Page 61 of Come Home to Me

“I don’t know if that makes you feel better or worse,” Jason continues. “But that’s the story as I heard it.”

“When did you see him last?” I manage, wondering about all the texts I never sent, all the calls that never came. What does it all mean? What do I do next? Part of me misses the certainty of Old Sarah. The answer would have been simple. What do I do next? Leave. The answer was always leave. Now? It’s so much more complicated. I stay and I fight and maybe I get hurt, but at least I know I tried.

Jason shoves his hands in his pockets, his suitcoat flaring over his wrists. “Saturday afternoon. I couldn’t get him to answer his phone, so I stopped by his apartment. It was a mess. He was a mess.”

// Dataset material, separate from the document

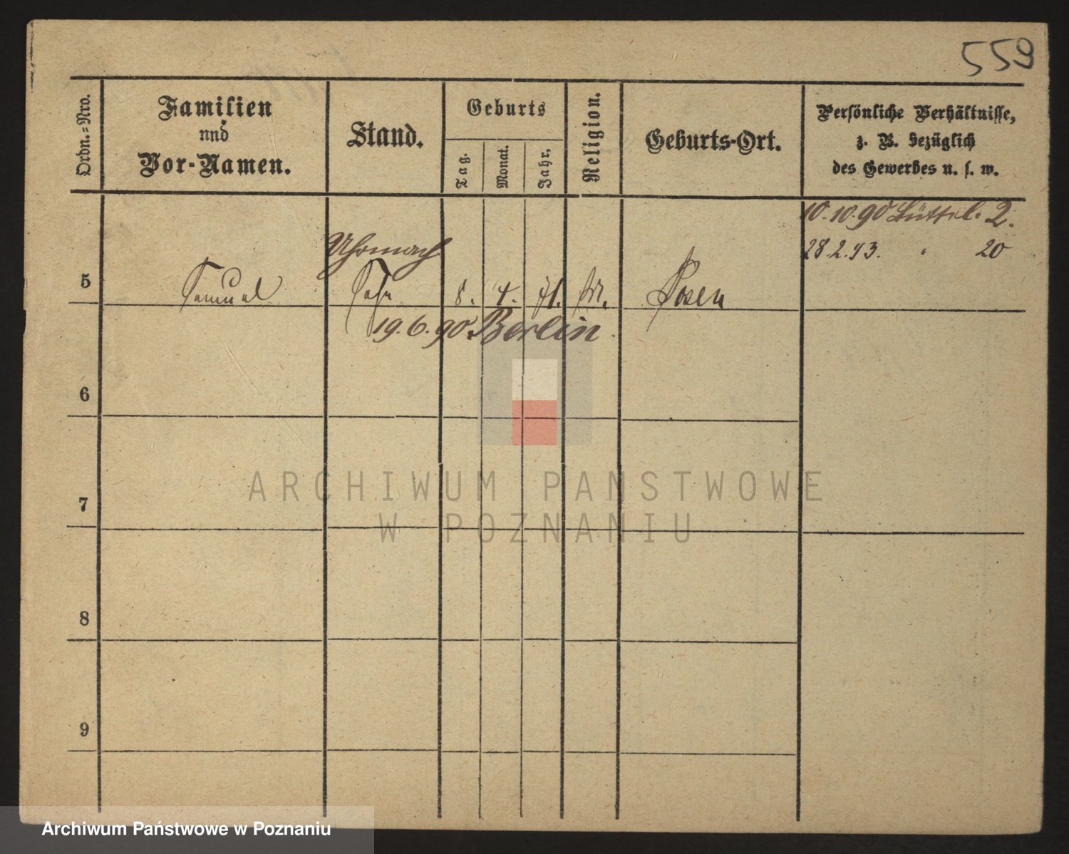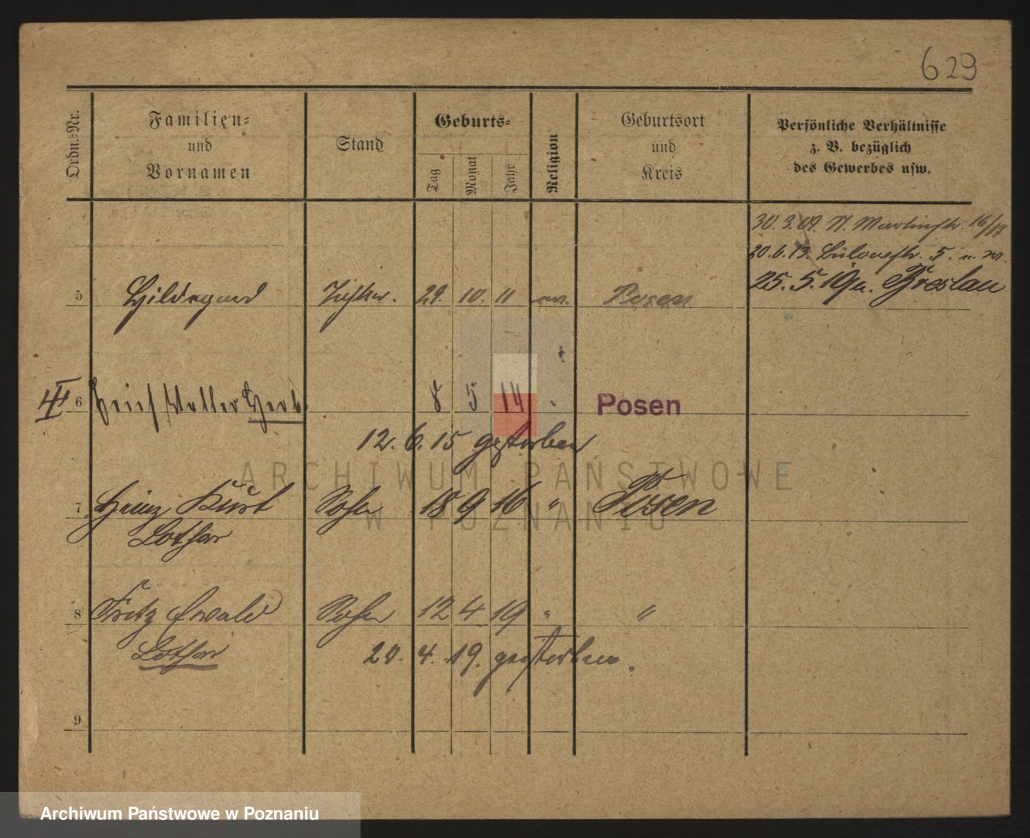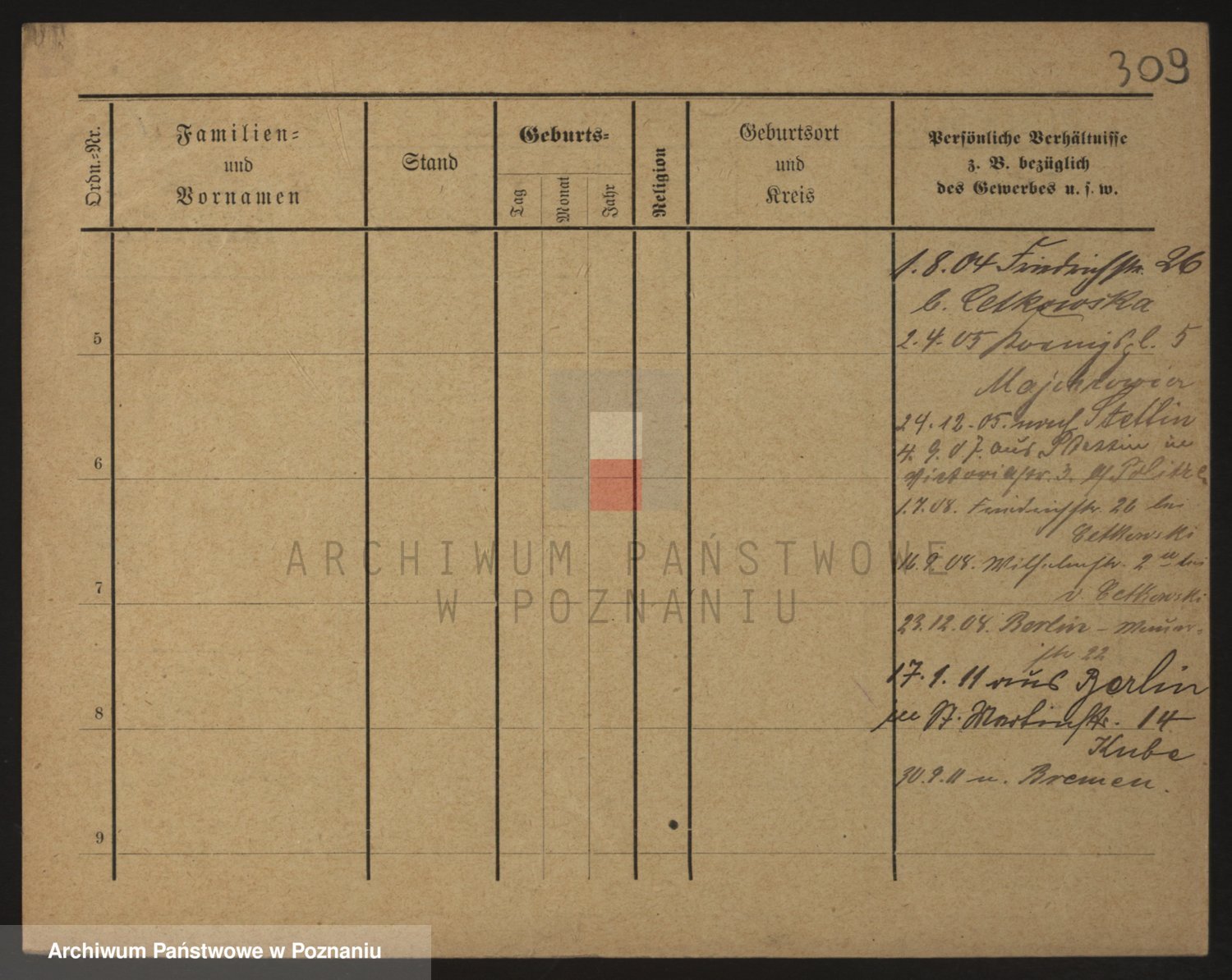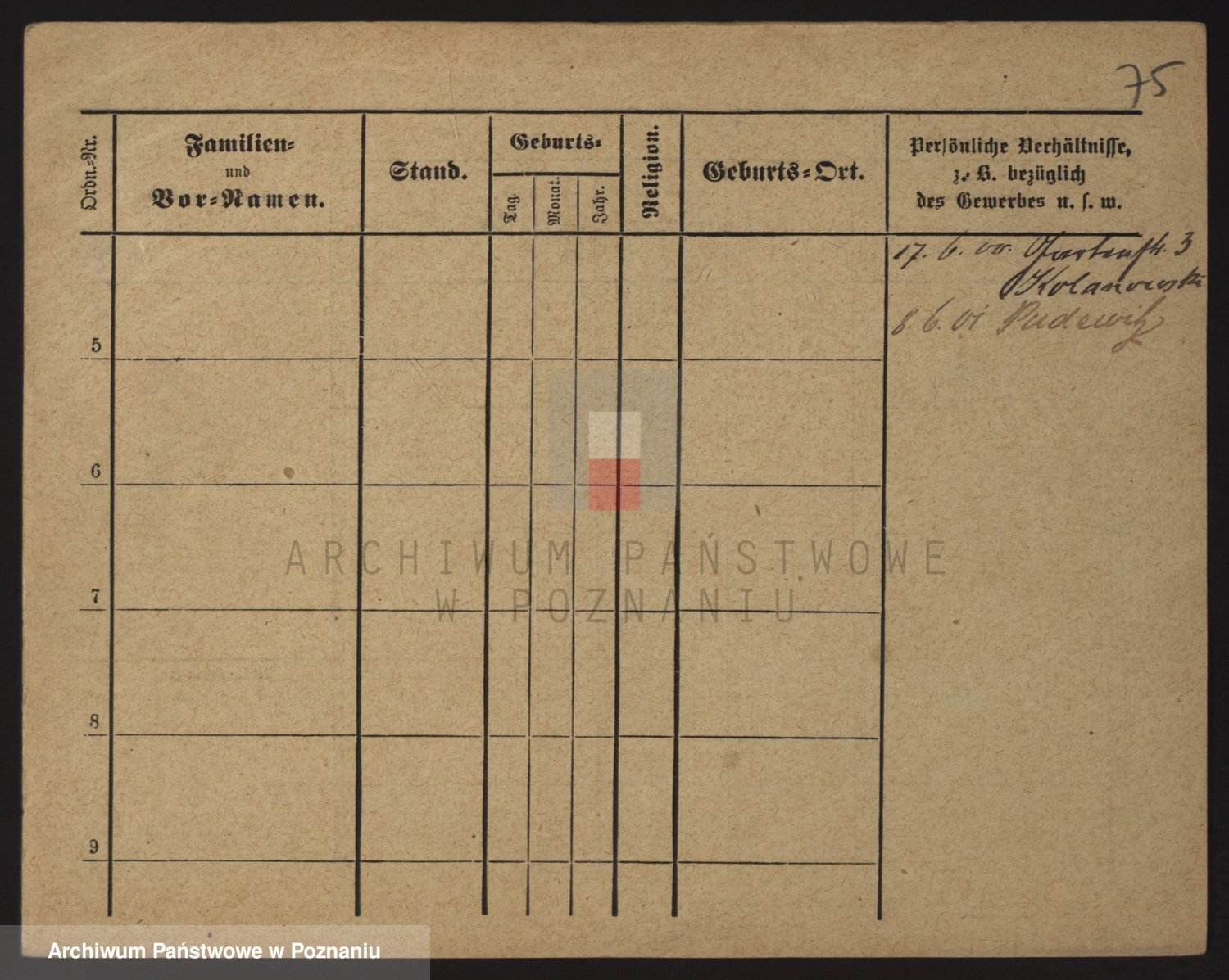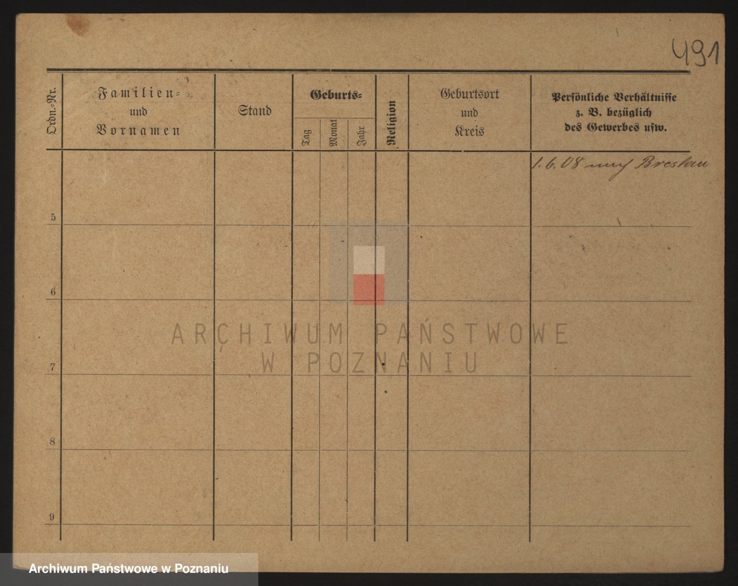 Podgląd karty osobowej dostępny jest po kliknięciu na nazwisko lub ikonkę karty. Można dokonywać powiększenia (ikony na górze) lub przechodzić między kolejnymi skanami (strzałki po bokach).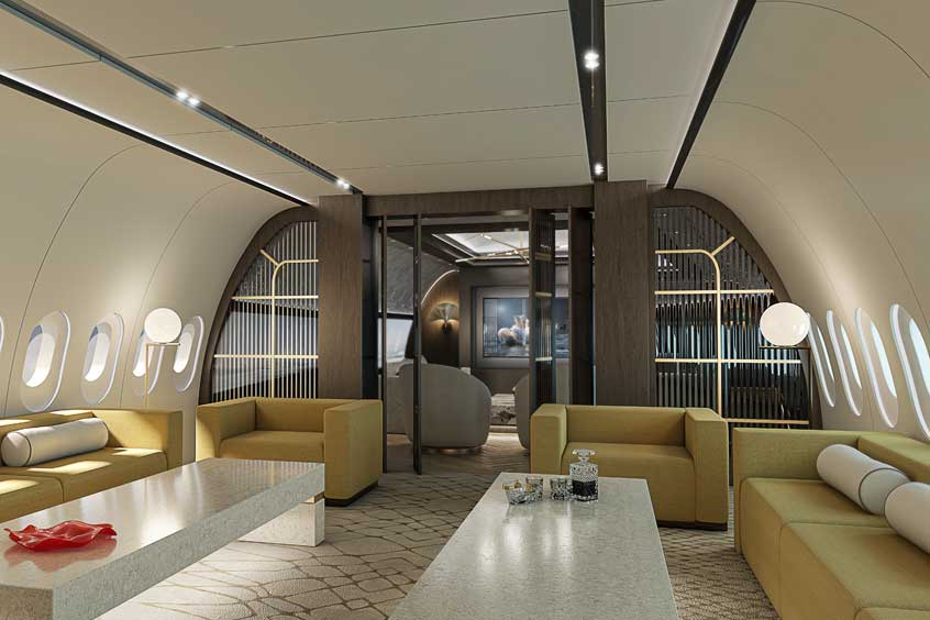 Greenpoint's Ascend interior features an expansive, interactive main cabin with advanced technology concealed within bespoke cabinetry. Greenpoint programmed the interior with a variety of progressive, intuitive technologies able to respond to requests through voice and gesture controls. Key design features include transparent OLED displays expanding across the windows and celestial-inspired valance panels designed to illuminate as passengers move throughout the cabin. Handcrafted bi-fold glass doors connect two lounges, displaying a warm, neutral colour palette, elegant architecture and minimalist details.

Despite the memory of Frank’s messy living room, of his disheveled hair and face, hope rushes through me.

I knew Frank didn’t sleep with Bree.

I knew it.

Him saying he did is the same asshole move I used to make when I wanted to push someone away. Time and time again, I’d combust, say something awful, and then sit in indignant self-righteousness as I got exactly what I wanted—for everyone to leave me alone—all while pretending the world was out to get me.

Jason stares down at the floor before clearing his throat and looking me in the eyes. “Anyway,” he says, “for what it’s worth, he swears he’s done with the drinking. I watched him pour everything down the drain. He promised this wasn’t a relapse, it was just a couple days’ worth of bad decisions.”

I search for words around the buzzing in my brain. “That’s good. I mean, it’s really great.”

Jason puts a hand on my arm. “You haven’t heard from him, have you?”

I shake my head and suck in my lips, desperate not to cry.

He sighs and shakes his head, looking disappointed in his friend. “Frank is head over heels for you.”

“You’ll have to excuse me if I call bullshit on that. It doesn’t feel like I rank very high on his list right now.”

“I wouldn’t give up on him yet. I understand you haven’t known him long enough to know for sure which of the two Franks you’ve met is the real him, but I have. This one? The douchebag who drinks and says shitty things? That’s not him.”

“I know. I don’t know how I know, but I do. It’s just this quiet voice inside me, whispering. Telling me I need to talk to him because this isn’t over. And it’s so rare for that voice to ever say anything nice. I feel like I should listen.”

Jason smiles and puts a hand on my shoulder. “Then listen. Drive right on over to his apartment, make him hear everything you have to say, and then kick him in the balls for being such a dickhead.”

I laugh despite myself. “That sounds like a fabulous idea.”

“Believe me. It is.” Jason hugs me and then pulls away, a wicked smile quirking the corners of his mouth. “Oh, and Sarah?”

“Yeah?”

“While you’re there, kick him once for me. Just for good measure.”